Input START
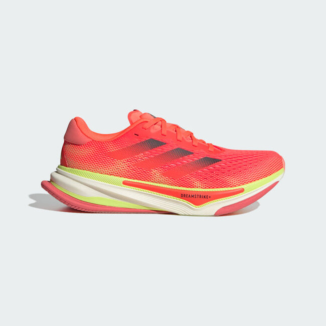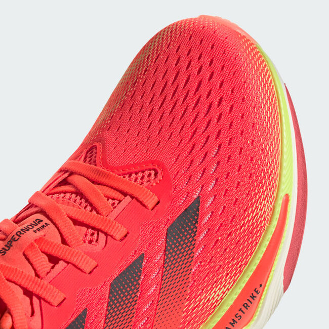 そして今回、レベルアップを目指すランナーに向けたモデル「SUPERNOVA PRIMA」が新たにラインアップに登場します。本モデルでは、高機能ランニングシリーズ「ADIZERO(アディゼロ)」に搭載されたミッドソール素材「LIGHTSTRIKE PRO(ライトストライク プロ)」をヒントに開発された次世代クッション素材「DREAMSTRIKE+(ドリームストライクプラス)」を「SUPERNOVA RISE」よりも13%増量※。つま先からかかとまでフルレングスで配置された「DREAMSTRIKE+」フォームが、前足部の強い蹴り出しを叶えるとともに、毎日のランニングにこれまで体感したことがない走り心地と快適さを提供します。
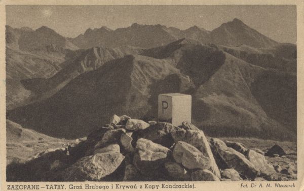 Widok z Kondrackiej Kopy. Od lwej: Koprowy wierch, Szczyrbski Szczyt, Hruby Wierch, Krywań. Pośrodku Wielka Kopa Koprowa, z lewej Dolina Wierchcicha. Pod zdjęciem wydrukowany tytuł i nazwisko fotografa.
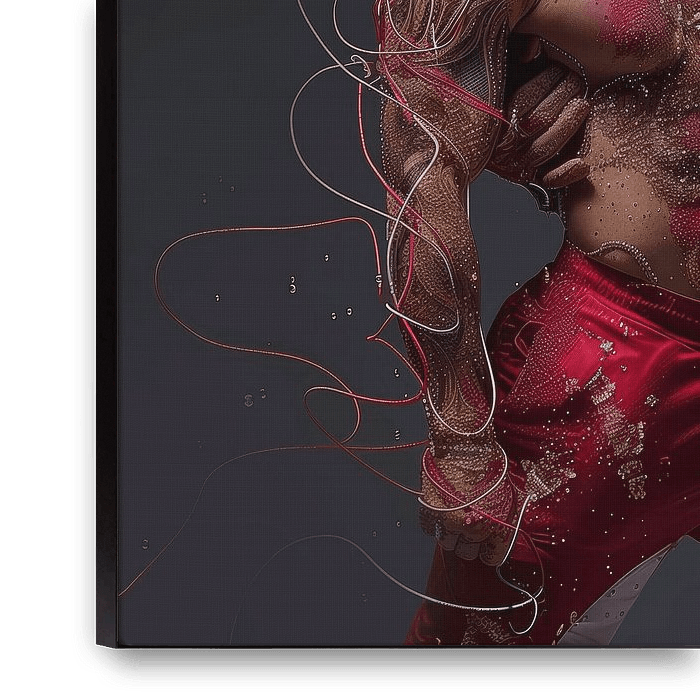 Stel je voor: een explosief kunstwerk dat de kracht en passie van twee bodybuilders vastlegt die een parendans uitvoeren, half naakt en schaars gekleed in vurige rode en pure witte tinten. Tegen een neutrale grijze achtergrond komt de energie van dit dynamische duo volledig tot leven, en elke beweging straalt intensiteit en emotie…
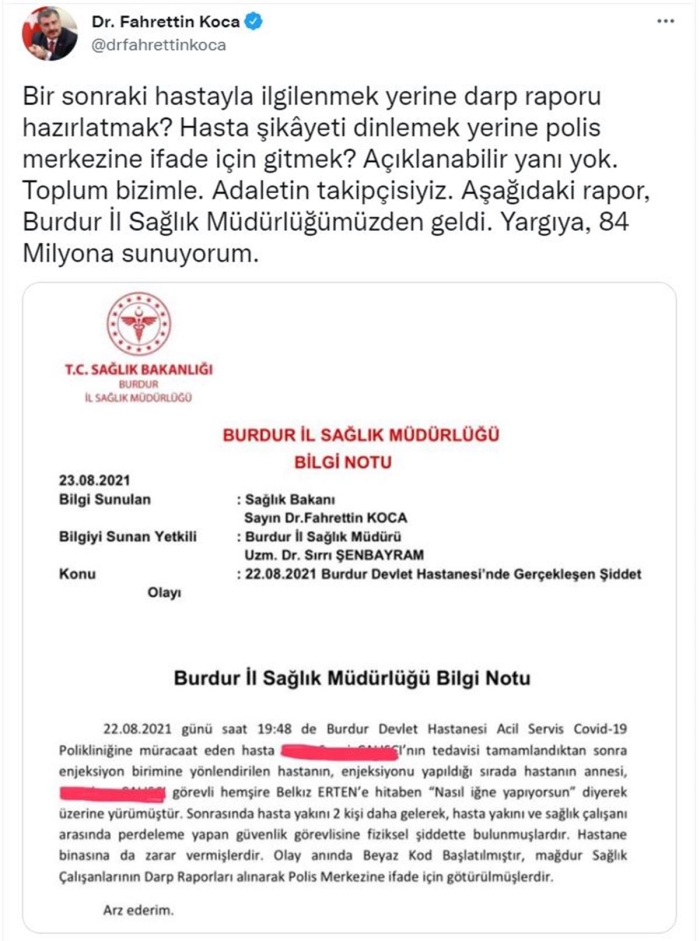 Bakan Koca, dün akşam Burdur'da çocuklarına enjeksiyon yaptırmak için hastaneye gelen ailenin, acil servisteki hemşirelere ve güvenlik görevlilerine saldırdığı olaya ilişkin Twitter hesabından açıklama yaptı. Bakan Koca paylaşımında, olayla ilgili Burdur İl Sağlık Müdürlüğü'nden kendisine gelen bilgi notunu da paylaşarak, "Bir sonraki hastayla ilgilenmek yerine darp raporu hazırlatmak? Hasta şikâyeti dinlemek yerine polis merkezine ifade için gitmek? Açıklanabilir yanı yok. Toplum bizimle. Adaletin takipçisiyiz. Aşağıdaki rapor, Burdur İl Sağlık Müdürlüğü'müzden geldi. Yargıya, 84 milyona sunuyorum" dedi.
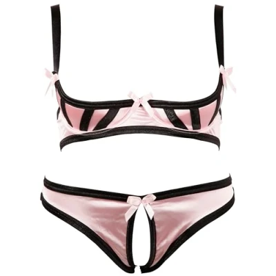 Set of pink satin with black details Made of 88 percent polyamide and 12 percent elastane material Underwired bra with slightly padded cups and adjustable straps Makes you unique, sexy and very attractive Fantastic fit and very comfortable to wear
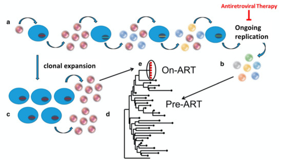 Ongoing HIV replication and clonal expansion. (a) In most individuals, HIV infection starts with a single virion (brown) and, during successive cycles of replication, shown left to right, the viruses in the population accumulate mutations, indicated in (b) by the multicolored virions, and, as shown in (e), a diverse phylogenetic structure. As indicated in (c), ART initiation halts ongoing viral replication, leaving a small fraction of infected cells, which, as shown in (d), grow into clones, a few of which can release virus with identical genome sequences into the blood. Reprinted from [10].
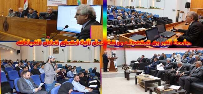 استضافت جامعة النهرين ورشة العمل التي اقامتها دائرة البعثات والعلاقات الثقافية في وزارة التعليم العالي والبحث العلمي تحت عنوان ألية امتحان تعادل الشهادات لخريجي كليات المجموعة الطبية من الجامعات الاجنبية خارج العراق .
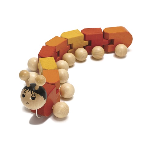 Lagarta de puxar em madeira, feito e pintado à mão.
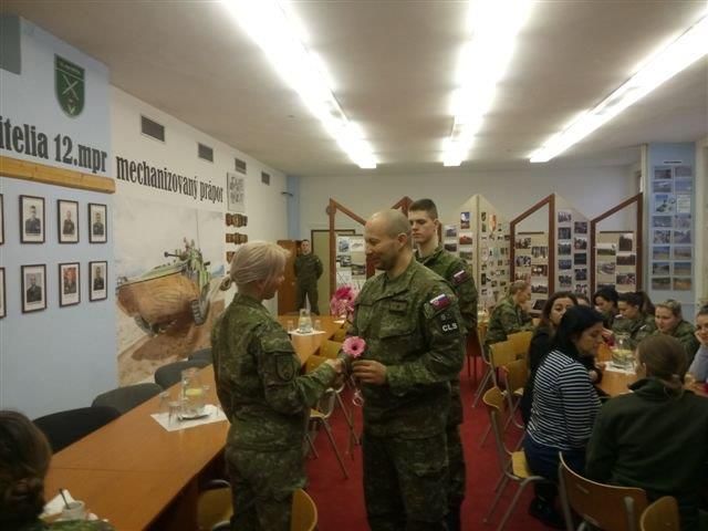 Pri tejto príležitosti pripravil zástupca veliteľa práporu major Ivan Petrik pre všetky profesionálne vojačky a zamestnankyne slávnostné posedenie. V krátkom príhovore vyjadril slová vďaky ženám za ich odvedenú prácu v prospech práporu a ozbrojených síl. Ako vďaku úcty venoval každej z nich kvet, ktorý reprezentuje krásu a zraniteľnosť zároveň. Bolo to symbolickým vyjadrením skutočnosti, že ženy skrášľujú a zjemňujú vojenské prostredie. Vojačka s kvetom v ruke je výstižným symbolom - neprestáva byť ženou a zároveň uniforma, ktorú má na sebe, svedčí o jej zvláštnom poslaní.
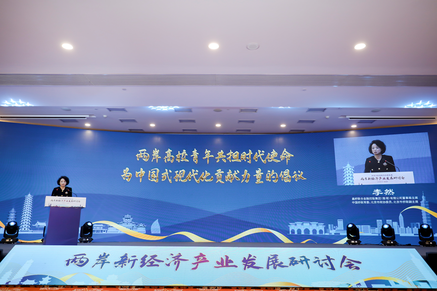 本次研讨会以“共享中国式现代化新机遇”为主题,旨在探讨中国式现代化进程中,两岸新经济产业的前景、挑战和机遇,促进两岸企业向智能、数字、绿色等方向提质升级、创新发展,推动两岸在新兴产业领域的深度融合。来自两岸的百余位专家、学者和企业家参会,共同为两岸新经济产业繁荣发展集思广益、建言献策。华体会娱乐平台两岸发展研究院常务副院长王治强主持研讨会。
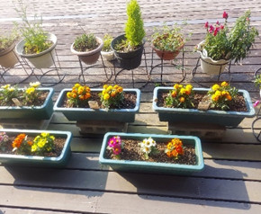 ひいらぎハウスのデッキは、季節の花でいっぱいです。
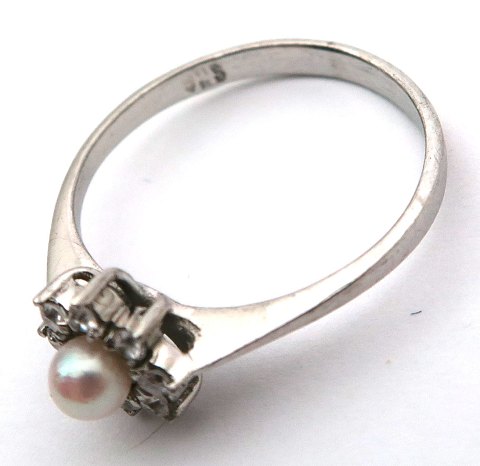 Ring af sterling sølv, prydet med 3,5 mm. kulturperle, omkransen af 9 klare safirer. Ring Str. 54½
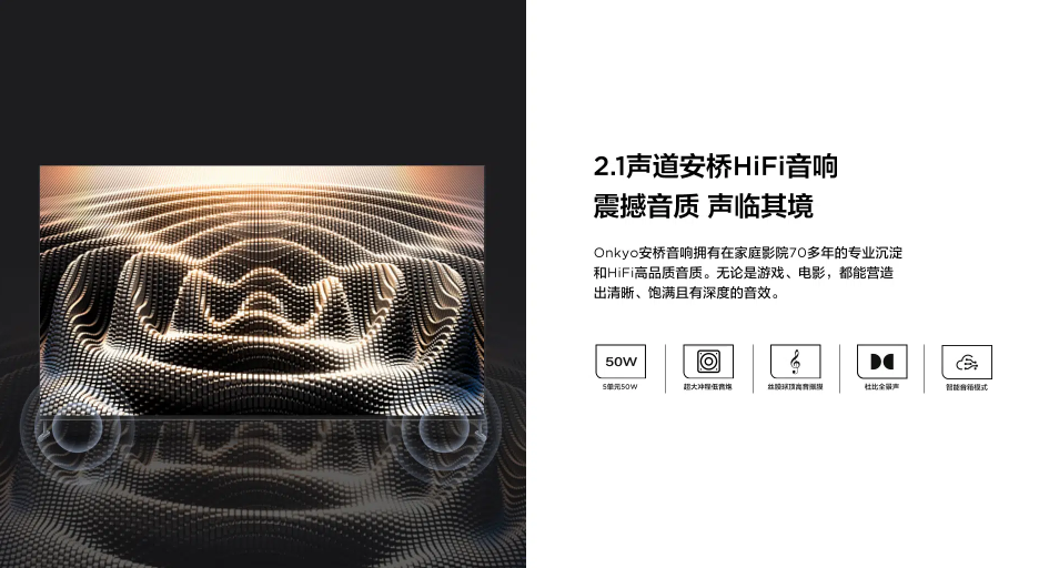 一直以来,电视品牌大多都在显示技术上做提升,QLED、OLED、Mini LED、Micro LED等等技术已经是各家厂商争相攀登的高峰。但随着98英寸等超大屏电视的普及以及用户对观影要求的提高,音质也渐渐成为他们选购电视的标准之一。遗憾的是,多数厂商没有重视电视的声音体验,以致于很多大屏电视的音质仅停留在“听个响”的水准,用户根本无法获得媲美影院的观看效果。
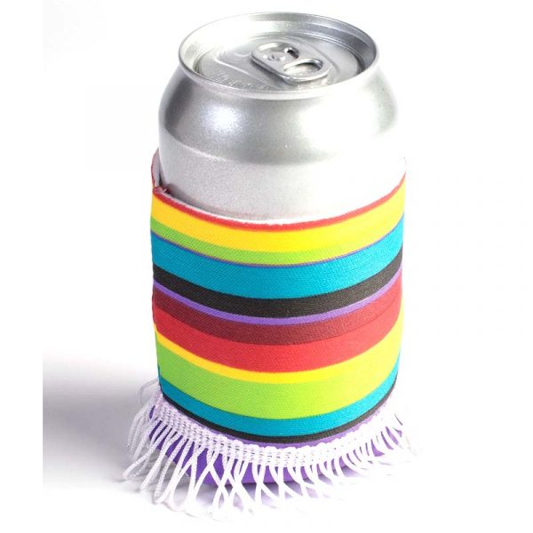 Give a Fabric Fiesta Serape Can Koozie- to every guest at your Cinco De Mayo party! This can koozie is lightweight, features colored stripes and ivory fringe.
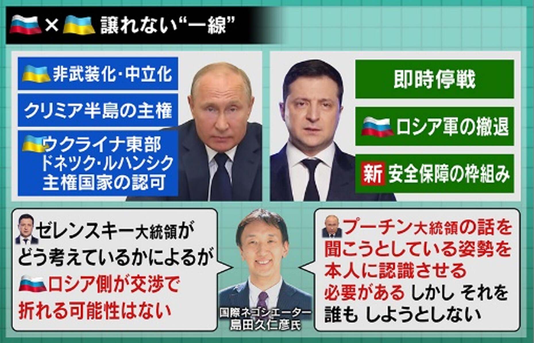 ロシアとウクライナの停戦交渉ですが、島田さんは「ロシア側が交渉で折れる可能性はない。プーチン大統領の話を聞こうとしている姿勢を大統領に認識させる必要があるが、誰もしようとしていない」と言います。
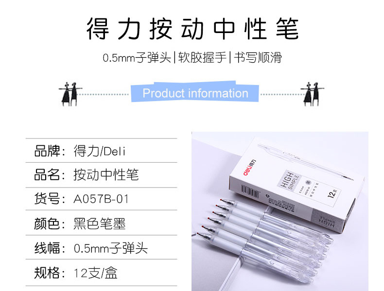 商品名称:得力A057B-01,透明笔杆按动中性笔 黑色水笔0.5mm学习办公签字笔 商品编号:11.03.01.0057 品牌:得力/deli 上架时间:2018-09-11 商品毛重:0克 价格单位:支 笔头类型:全针管 笔头粗细:0.5mm 包装含量:12/144/1728 如果您发现商品信息不准确,欢迎纠错;如果您发现有比51文具价格更低的,欢迎举报 +
Input END
- **Aim of the task**:
In the records above, find the line that contains "Pri tejto príležitosti" and repeat exactly that line and all lines after it to the end. Do not include pictures.

- **Solution to the exercise**:
 Pri tejto príležitosti pripravil zástupca veliteľa práporu major Ivan Petrik pre všetky profesionálne vojačky a zamestnankyne slávnostné posedenie. V krátkom príhovore vyjadril slová vďaky ženám za ich odvedenú prácu v prospech práporu a ozbrojených síl. Ako vďaku úcty venoval každej z nich kvet, ktorý reprezentuje krásu a zraniteľnosť zároveň. Bolo to symbolickým vyjadrením skutočnosti, že ženy skrášľujú a zjemňujú vojenské prostredie. Vojačka s kvetom v ruke je výstižným symbolom - neprestáva byť ženou a zároveň uniforma, ktorú má na sebe, svedčí o jej zvláštnom poslaní.
 本次研讨会以“共享中国式现代化新机遇”为主题,旨在探讨中国式现代化进程中,两岸新经济产业的前景、挑战和机遇,促进两岸企业向智能、数字、绿色等方向提质升级、创新发展,推动两岸在新兴产业领域的深度融合。来自两岸的百余位专家、学者和企业家参会,共同为两岸新经济产业繁荣发展集思广益、建言献策。华体会娱乐平台两岸发展研究院常务副院长王治强主持研讨会。
 ひいらぎハウスのデッキは、季節の花でいっぱいです。
 Ring af sterling sølv, prydet med 3,5 mm. kulturperle, omkransen af 9 klare safirer. Ring Str. 54½
 一直以来,电视品牌大多都在显示技术上做提升,QLED、OLED、Mini LED、Micro LED等等技术已经是各家厂商争相攀登的高峰。但随着98英寸等超大屏电视的普及以及用户对观影要求的提高,音质也渐渐成为他们选购电视的标准之一。遗憾的是,多数厂商没有重视电视的声音体验,以致于很多大屏电视的音质仅停留在“听个响”的水准,用户根本无法获得媲美影院的观看效果。
 Give a Fabric Fiesta Serape Can Koozie- to every guest at your Cinco De Mayo party! This can koozie is lightweight, features colored stripes and ivory fringe.
 ロシアとウクライナの停戦交渉ですが、島田さんは「ロシア側が交渉で折れる可能性はない。プーチン大統領の話を聞こうとしている姿勢を大統領に認識させる必要があるが、誰もしようとしていない」と言います。
 商品名称:得力A057B-01,透明笔杆按动中性笔 黑色水笔0.5mm学习办公签字笔 商品编号:11.03.01.0057 品牌:得力/deli 上架时间:2018-09-11 商品毛重:0克 价格单位:支 笔头类型:全针管 笔头粗细:0.5mm 包装含量:12/144/1728 如果您发现商品信息不准确,欢迎纠错;如果您发现有比51文具价格更低的,欢迎举报 +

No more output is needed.